EXERCISE GOAL: Only the lines below between the one holding "Ogni pezzo è" and the one holding "Disco Cowgirl β", inclusive, are to be reproduced word for word; the pictures are to be left out.

GIVEN RECORDS:
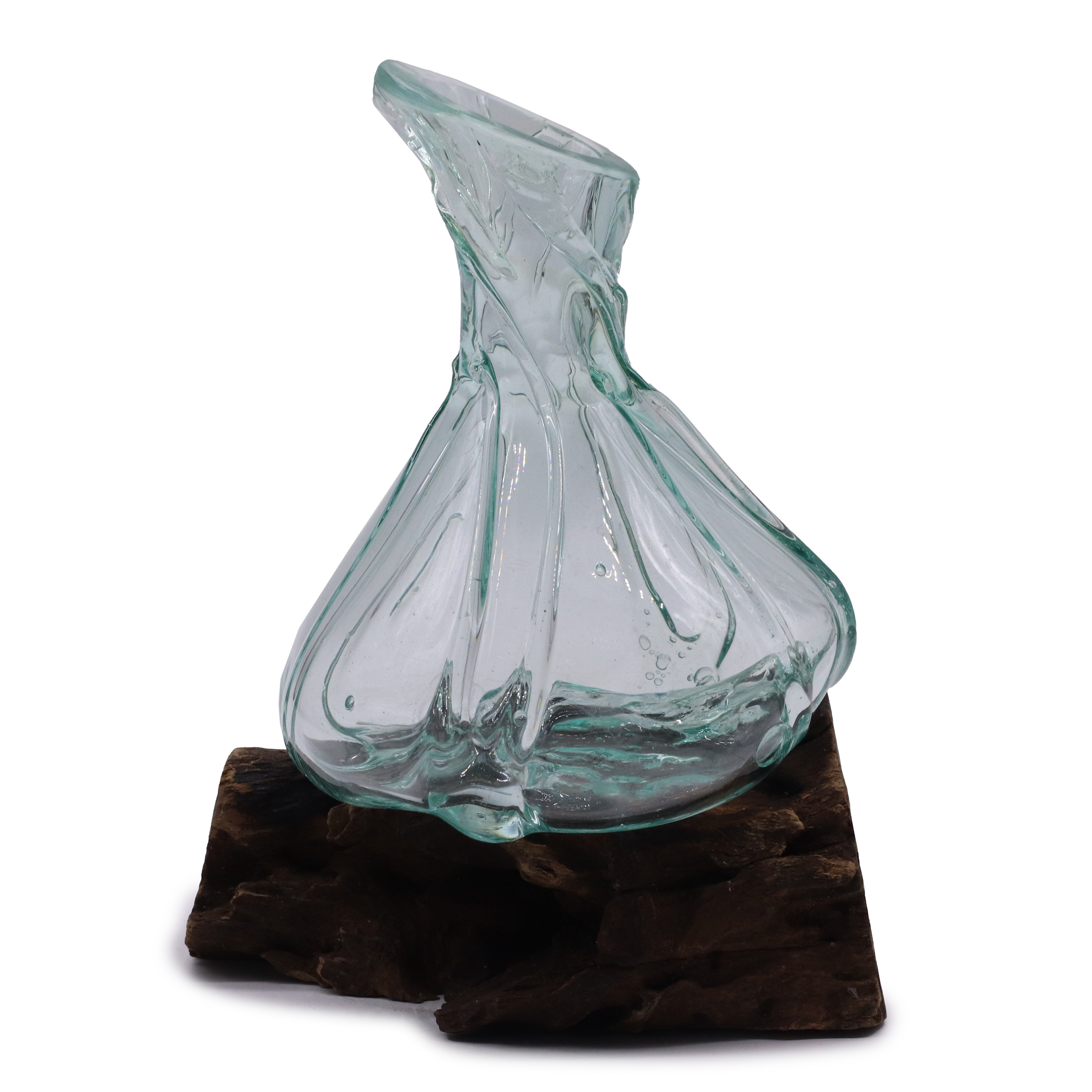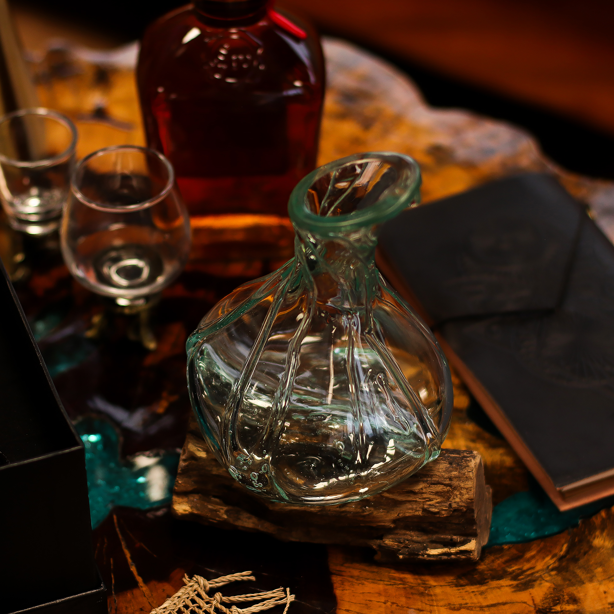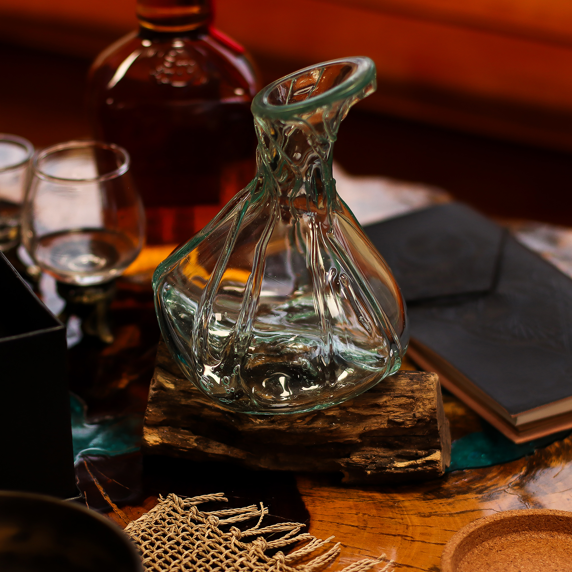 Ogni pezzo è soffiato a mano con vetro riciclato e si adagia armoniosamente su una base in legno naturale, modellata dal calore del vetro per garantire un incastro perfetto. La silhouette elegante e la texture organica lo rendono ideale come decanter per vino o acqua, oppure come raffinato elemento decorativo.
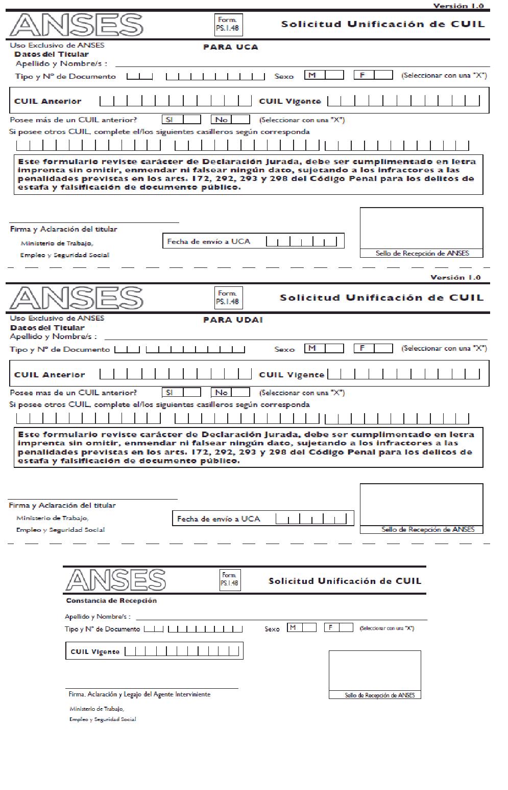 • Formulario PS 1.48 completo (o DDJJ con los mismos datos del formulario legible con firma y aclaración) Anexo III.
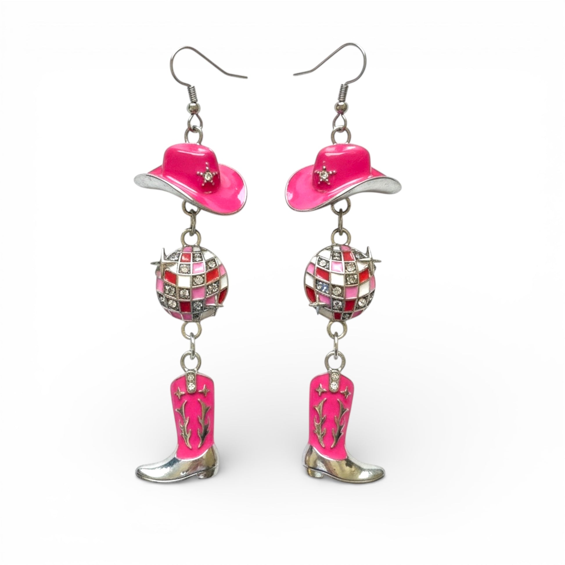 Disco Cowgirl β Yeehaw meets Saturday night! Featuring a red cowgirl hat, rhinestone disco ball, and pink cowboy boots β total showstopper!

--

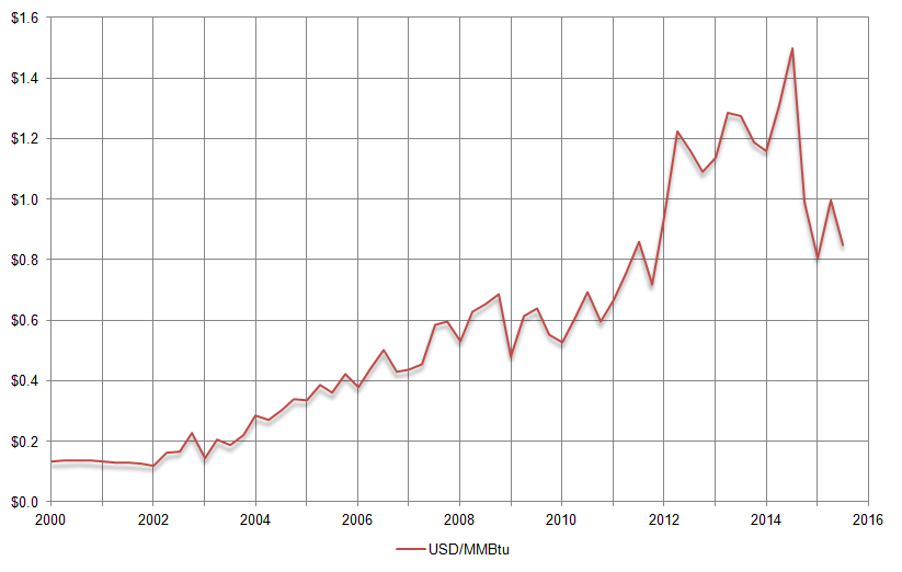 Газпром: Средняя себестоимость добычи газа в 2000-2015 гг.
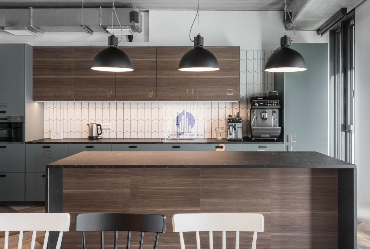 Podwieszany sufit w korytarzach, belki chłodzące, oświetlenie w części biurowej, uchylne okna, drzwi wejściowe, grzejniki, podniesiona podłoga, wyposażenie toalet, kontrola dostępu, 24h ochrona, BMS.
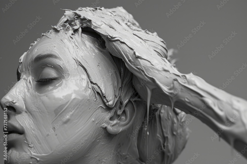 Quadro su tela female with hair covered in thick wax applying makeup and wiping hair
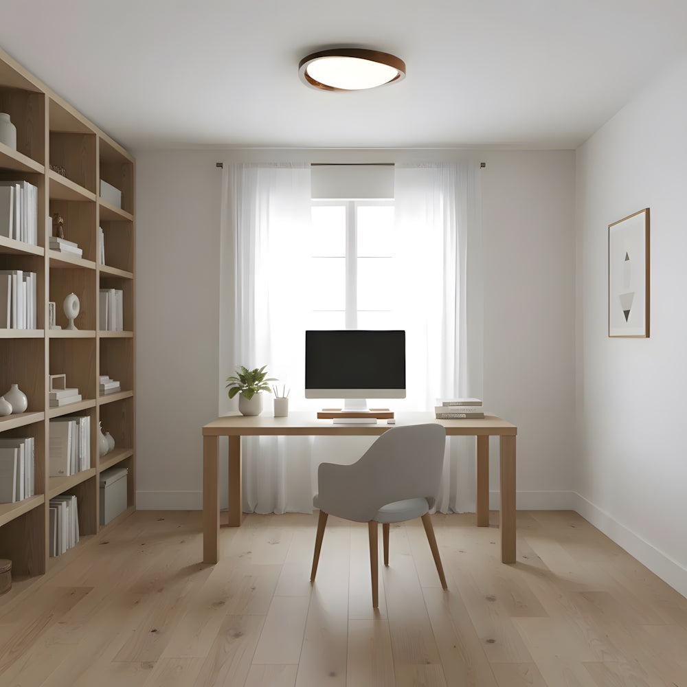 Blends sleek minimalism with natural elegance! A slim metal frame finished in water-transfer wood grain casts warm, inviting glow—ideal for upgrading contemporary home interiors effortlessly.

RESPONSE TO THIS EXERCISE:
 Ogni pezzo è soffiato a mano con vetro riciclato e si adagia armoniosamente su una base in legno naturale, modellata dal calore del vetro per garantire un incastro perfetto. La silhouette elegante e la texture organica lo rendono ideale come decanter per vino o acqua, oppure come raffinato elemento decorativo.
 • Formulario PS 1.48 completo (o DDJJ con los mismos datos del formulario legible con firma y aclaración) Anexo III.
 Disco Cowgirl β Yeehaw meets Saturday night! Featuring a red cowgirl hat, rhinestone disco ball, and pink cowboy boots β total showstopper!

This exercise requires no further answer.